PROBLEM REQUIREMENTS: Your task is to print all of the data below exactly, with no pictures included.

DATA UNDER STUDY:
#####

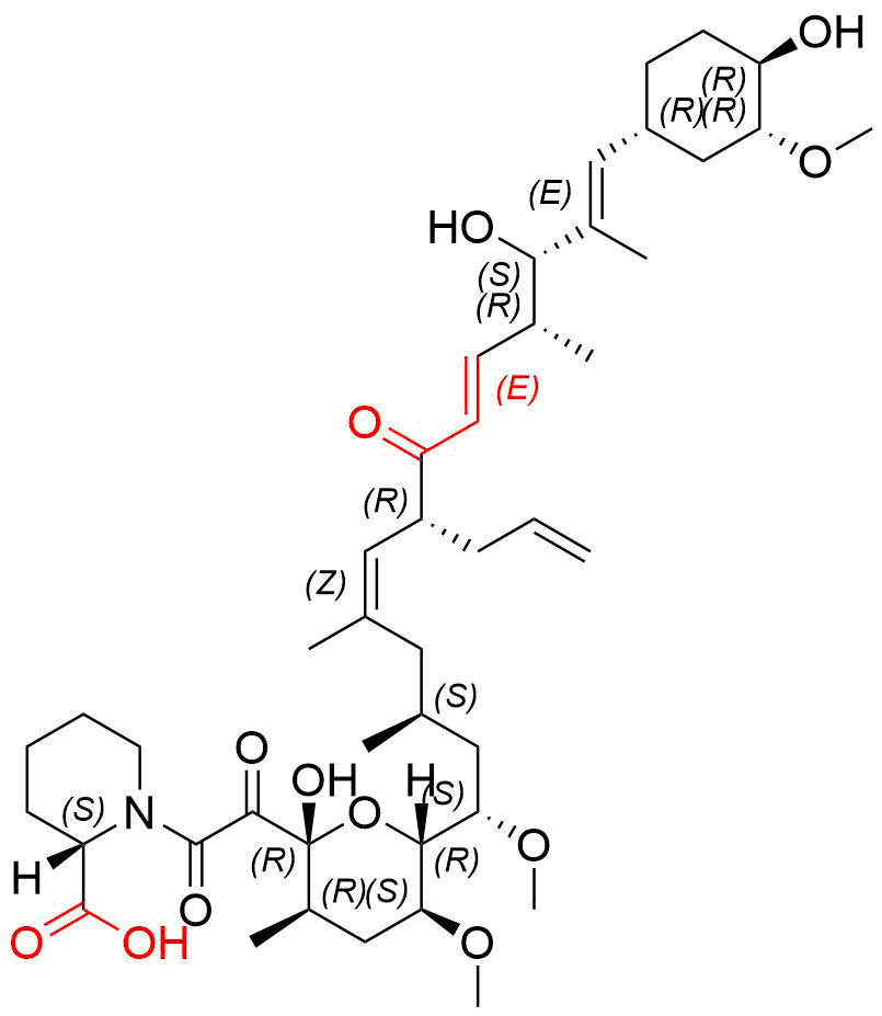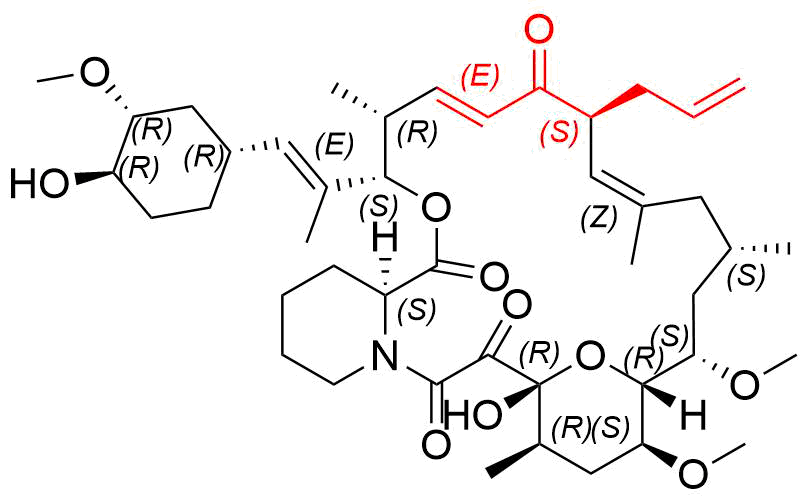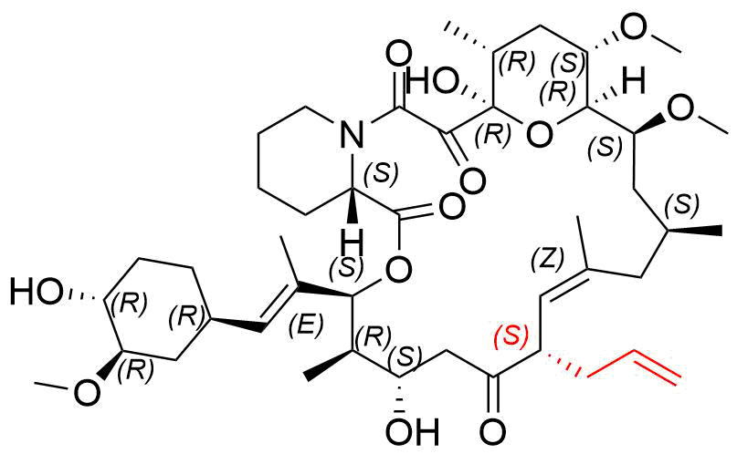 | 别名: | (3S,4R,5E,8R,9E,12S,14S,15R,16S,18R,19R,26aS)-8-allyl-19-hydroxy-3-((E)-1-((1R,3R,4R)-4-hydroxy-3-methoxycyclohexyl)prop-1-en-2-yl)-14,16-dimethoxy-4,10,12,18-tetramethyl-8,11,12,13,14,15,16,17,18,19,24,25,26,26a-tetradecahydro-3H-15,19-epoxypyrido[2,1-c][1]oxa[4]azacyclotricosine-1,7,20,21(4H,23H)-tetraone |
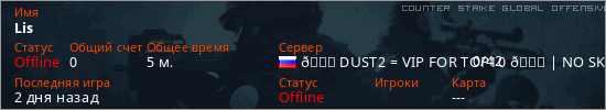 Играет на Counter Strike Global Offensive сервере. Страна: РоссияПервый раз замечен 02:37 20.01.2026
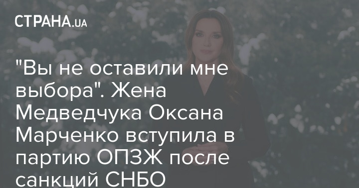 Бывшая телеведущая и жена народного депутата и главы политсовета партии "Оппозиционная платформа - За жизнь" Виктора Медведчука Оксана Марченко, против которых СНБО вчера ввел санкции, заявила, что с сегодняшнего дня вступает в партию ОПЗЖ.
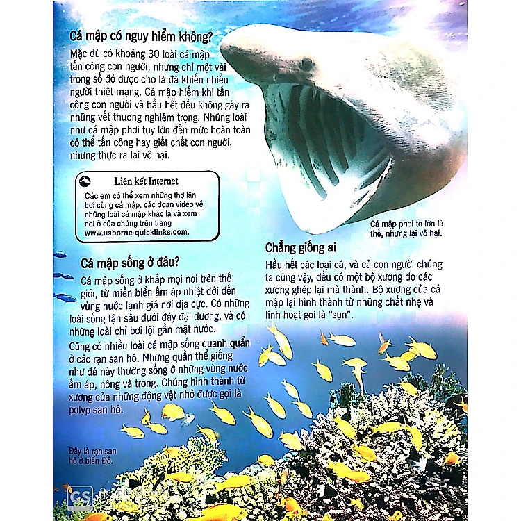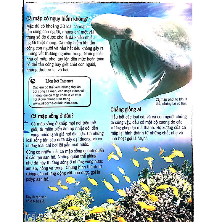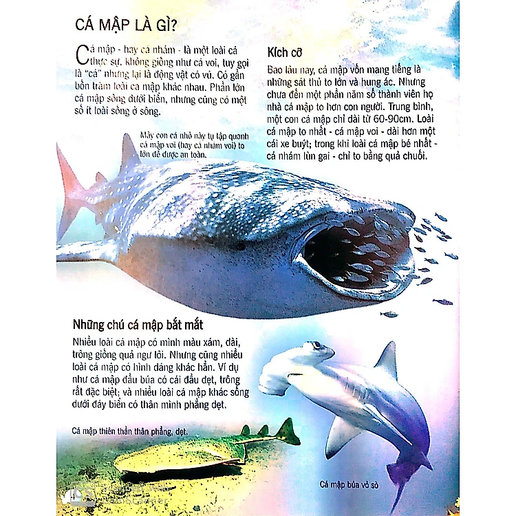 Sách đẹp, trang giấy dày, in ấn sắc nét. Nội dung chỉ tổng quan về các loài cá mập. Tuy nhiên đối với các bé thì kiến thức chung như vậy là ok rồi.
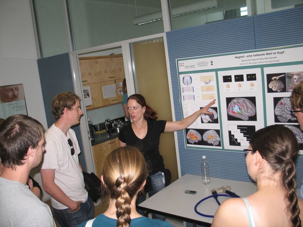 Eine halbierte Welt im Kopf? Mitarbeiterin Bianca de Haan erklärt Besuchern im Institut ihr Forschungsgebiet.
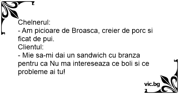 - Mie sa-mi dai un sandwich cu branza pentru ca Nu ma intereseaza ce boli si ce probleme ai tu!
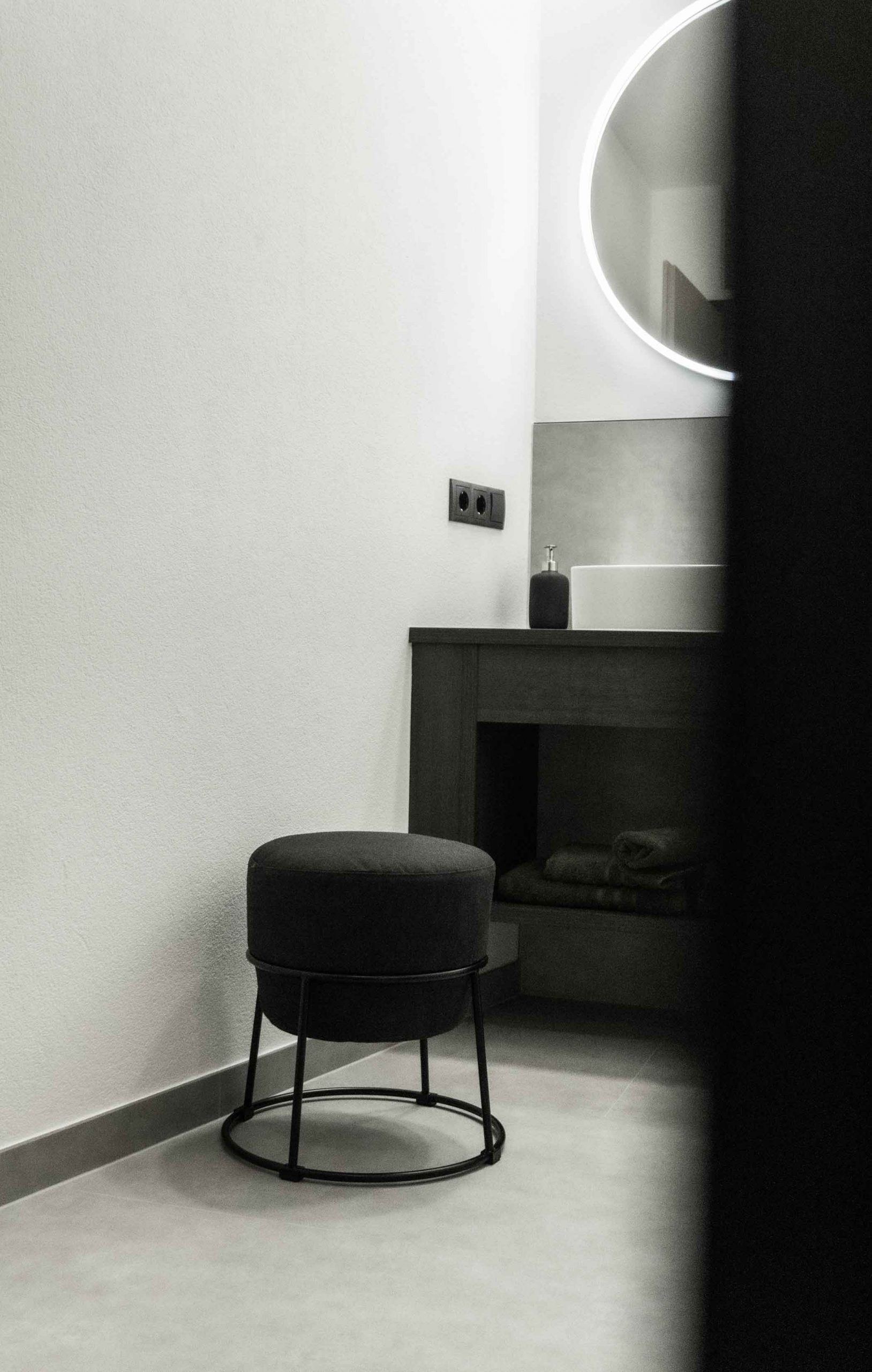 Walk-in Regendusche, WC, Waschbecken, beleuchtete Spiegel

#####

COMPLETED EXERCISE:
 | 别名: | (3S,4R,5E,8R,9E,12S,14S,15R,16S,18R,19R,26aS)-8-allyl-19-hydroxy-3-((E)-1-((1R,3R,4R)-4-hydroxy-3-methoxycyclohexyl)prop-1-en-2-yl)-14,16-dimethoxy-4,10,12,18-tetramethyl-8,11,12,13,14,15,16,17,18,19,24,25,26,26a-tetradecahydro-3H-15,19-epoxypyrido[2,1-c][1]oxa[4]azacyclotricosine-1,7,20,21(4H,23H)-tetraone |
 Играет на Counter Strike Global Offensive сервере. Страна: РоссияПервый раз замечен 02:37 20.01.2026
 Бывшая телеведущая и жена народного депутата и главы политсовета партии "Оппозиционная платформа - За жизнь" Виктора Медведчука Оксана Марченко, против которых СНБО вчера ввел санкции, заявила, что с сегодняшнего дня вступает в партию ОПЗЖ.
 Sách đẹp, trang giấy dày, in ấn sắc nét. Nội dung chỉ tổng quan về các loài cá mập. Tuy nhiên đối với các bé thì kiến thức chung như vậy là ok rồi.
 Eine halbierte Welt im Kopf? Mitarbeiterin Bianca de Haan erklärt Besuchern im Institut ihr Forschungsgebiet.
 - Mie sa-mi dai un sandwich cu branza pentru ca Nu ma intereseaza ce boli si ce probleme ai tu!
 Walk-in Regendusche, WC, Waschbecken, beleuchtete Spiegel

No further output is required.